# ISO--Grilled Banana Pepper



## JGravesNBS (Jul 14, 2005)

Hi

 

Looking for recipe for “Grilled Banana Pepper stuffed w/ It. Saus.,Genoa Salami & Cheese”

 

Thanks, John


----------



## JGravesNBS (Jul 18, 2005)

*Roasted Hungarian Peppers*

*While waiting for reply I came up with this.*

* *

*Roasted Hungarian Peppers by John Graves*

 

*Ingredients:*

 

24 long yellow peppers (Hungarian)
Cream Cheese (soft) Chives & Onions (or flavor of your choice), soften in microwave

Oscar Mayer Hard Salami, sliced, 8 oz, 3 ½ “ diameter, or 12 slices with foreskin removed and halved

Lemon pepper seasoning
Parmesan cheese, freshly grated
Romano cheese, freshly grated (optional)

 

*Preparation:*

 

1.       Wash, cut off tops of peppers remove seeds and cores with long thin knife (grape fruit knife works great).

 

2.       Fill peppers half way with several knifes full of cream cheese.

 

3.       Roll salami (½ a slice) into tight funnel shape and twist into pepper through the cream cheese so it is completely hidden.

 

4.       “Pam” a 7 x 11 Pyrex dish and align peppers in dish.

 

5.       Sprinkle a little lemon pepper on them.
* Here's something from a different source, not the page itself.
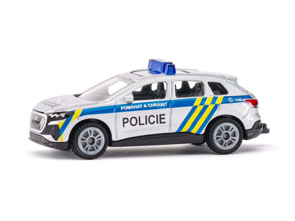 Kovový model SIKU Audi Q4 e-tron česká verzia Polície. Tento model SIKU sa vyznačuje realistickými detailmi a je vyrobený z tlakovo zliatinových kovových a plastových komponentov. Model má gumové plášte pneumatík. Balené v blistri. Rozmery modelu: 3 x 3 x 8 cm. Rozmery balenia: 7,8 x 9,5 x 4 cm. Vek: 3+

Then sprinkle Parmesan cheese on top. To give a little more "bite" add a little Romano cheese. 

 

6.       Bake peppers for about 35-45 minutes at 350 degrees or until a little brown on top.

* *

*7.      *Was a "hit" and not overly filling, stokes the appetite for the main course.


----------